Look though the smoke, the prosecution can argue, and see the fire: saying “You’re making it sexual and it’s not … the world needs more love,” as Jackson told Martin Bashir in that infamous documentary that triggered this whole case, doesn’t make it so.

Leaving court Friday, I wondered if they’d all gather around the dinner table at Neverland in a while. Brett Barnes, who had to quit his job as a casino croupier in Melbourne to testify for Jackson, and his sister Karlee and mother Marie Lisbeth. Wade Robson, the choreographer of Britney Spears and N’Sync fame, and his sister Chantal and mother Joy.

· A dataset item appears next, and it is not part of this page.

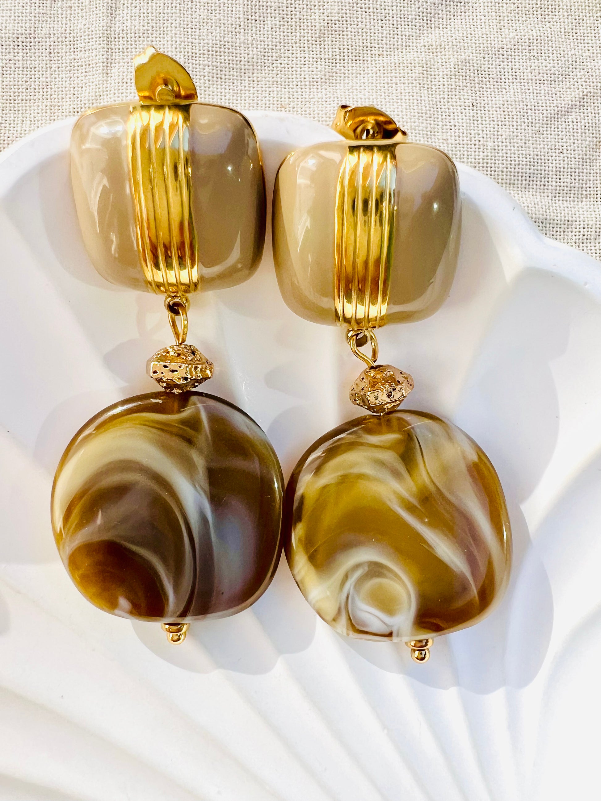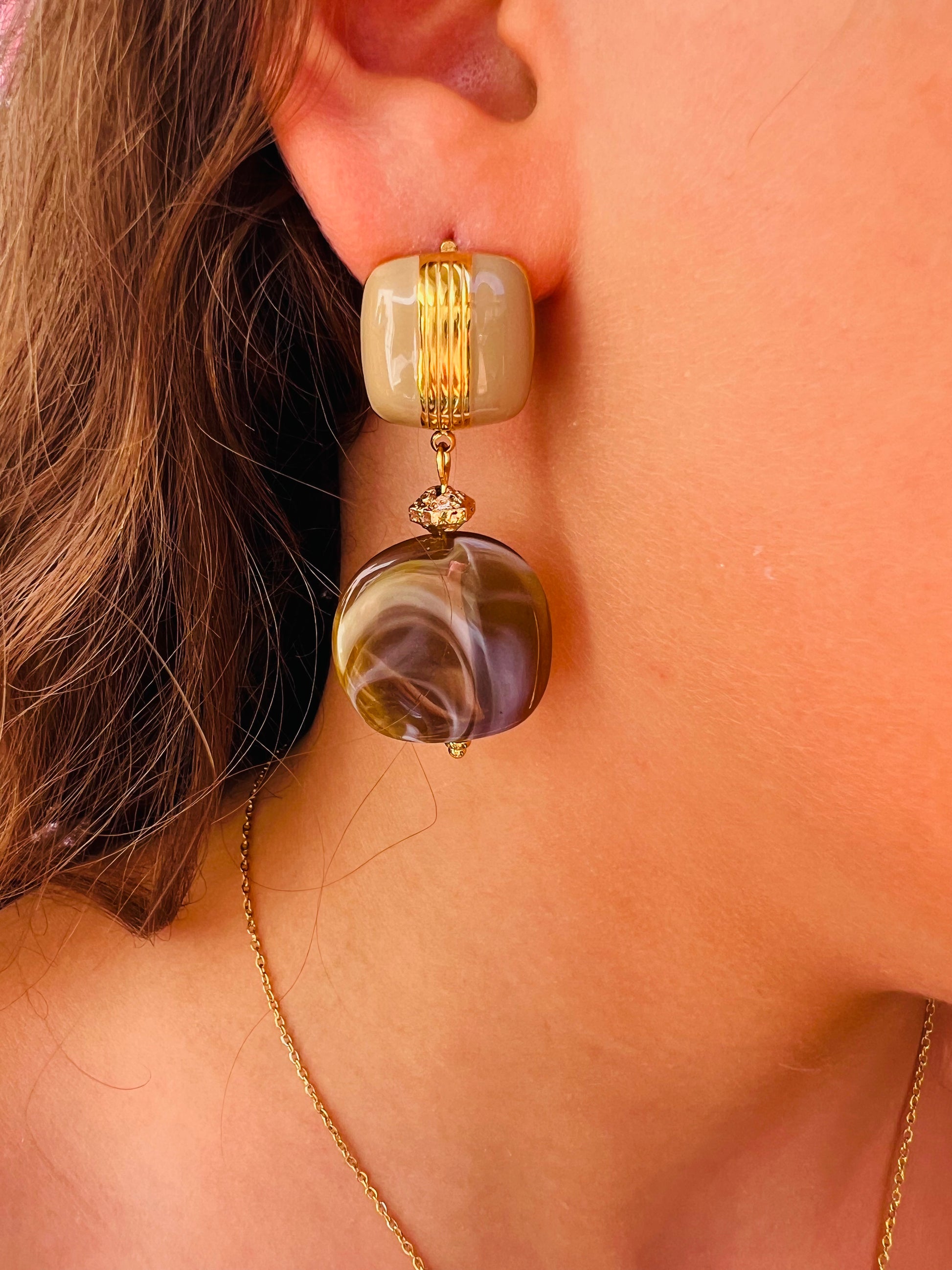 ✧ Boucles dorées pendantes en acier inoxydable doré, émail et résine.
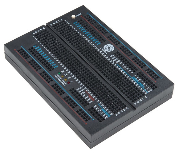 Septiembre de 2017 - SparkFun ofrece a través de Mouser Electronics sus placas de montaje tipo protoboard o matriz de contactos que tiene embutida hardware compatible con conjunto de shields compatibles con Arduino. La placa tiene clavijas del ATmega32 expuestas para facilitar el desarrollo de proyectos.

And Jackson himself, seeming more frail and diminished by the day and surely aware that a New York hedge fund, real bottom-liners, a source tells us, had just bought out his big loans from Bank of America secured by his Sony music catalogue (Beatles and Elvis songs) and by Neverland itself -- and that the New Yorkers would surely grab it all if the income-strapped Jackson can’t find a way to pay up by an onrushing end-of-year deadline.

And I heard a line of Chantal Robson’s testimony, an afterthought the judge allowed in when Mesereau had asked her to describe Neverland and her many visits there with her brother and Michael Jackson. She’d rhapsodized about the place, said “We just hung out, played games … what normal kids do.”

And then said, her eyes looking into some distant past memory, “It used to be the happiest place in the world.”